Hi Yanko,

On Mon, Jan 24, 2022 at 6:29 PM Yanko Bahchevanov <
[email protected]> wrote:

> Im using custom data classes with JPA Column annotations and not using
> DAOs or POJOs generated from JOOQ. Its worth saying that underneath the
> wrappers plain JOOQ is used.
>

I think that's where the problem is. If you're using a third party library
to execute jOOQ queries, then you can't profit from those advanced mapping
features, which are implemented in jOOQ itself, not in any third parties.
If you use jOOQ to execute SQL directly via JDBC or R2DBC, you can use the
MULTISET, ROW operators out of the box. If you want to extract the SQL
string and execute it elsewhere (yourself or via a third party), then
you'll have to wire the generated JSON / XML back to jOOQ data structures
yourself. DSLContext::fetchFromJSON could be of use, but it won't be able
to access the projected type information as easily, and you don't get any
type safety.

There might be public API in a future jOOQ release to help construct the
jOOQ Result/Record[N] type hierarchy from nested JSON / XML data structures
(see https://github.com/jOOQ/jOOQ/issues/12012), but irrespective of such
low level improvements, it will always be much more interesting to let jOOQ
execute your query for you, rather than any third party.

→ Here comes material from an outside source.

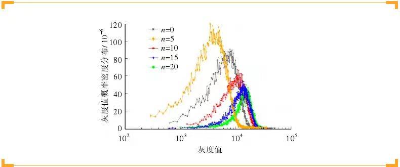 圖6 不同循環次數的核磁共振成像灰度值概率分布片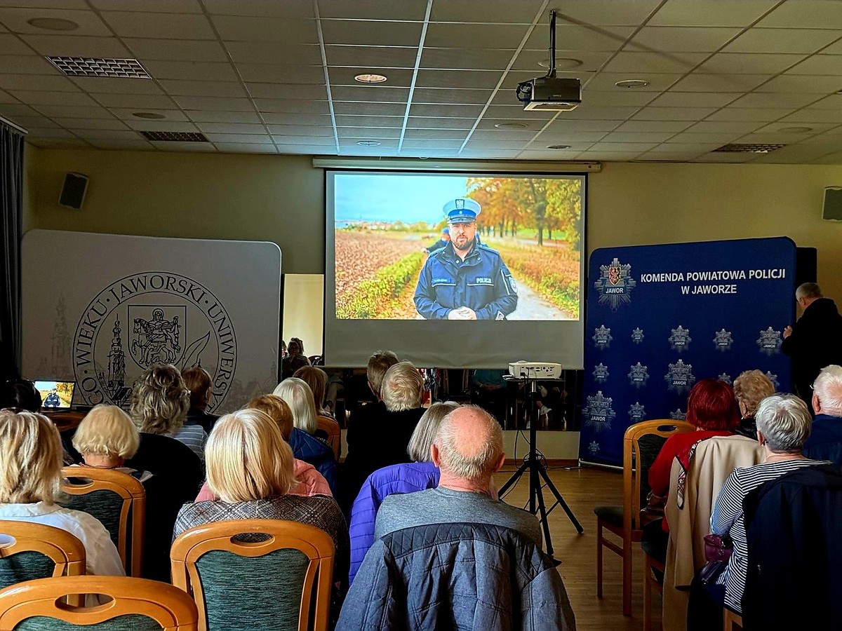 Wczoraj policjanci z jaworskiej komendy mieli przyjemność spotkać się ze Studentami Jaworskiego Uniwersytetu Trzeciego Wieku. Wizyta mundurowych odbyła się w ramach edukacyjnego spotkania poświęconego bezpieczeństwu w ruchu drogowym. Prelekcję poprowadzili funkcjonariusze Komendy Powiatowej Policji w Jaworze:

> All the documentation and posts I saw point to a generated SQL with
> jsonb_build_object, but this is not true in my case. Is it some sort of
> configuration or inferrence from my setup or something?
>

Can good point, that implementation has changed as a part of a series of
bug fixes. It turned out that, since we can't use the JSON object key names
anyway for this serialisation (ambiguous key names, lack of ordering), we
might as well just use JSON arrays instead, which at least guarantee
ordering, and use less space. Having said so, you shouldn't see the
examples in the manual as formal specification of what jOOQ does to get
MULTISET to work. This might change again in the future, as we run into
some caveats, and there are numerous ones. Here's some insight:
https://blog.jooq.org/standard-sql-json-the-sobering-parts/


> This is probably the only problem I need to solve, otherwise JOOQ looks
> absolutely awesome, so good job to the team that is developing it!
>

You won't look back, especially not once you get MULTISET to work!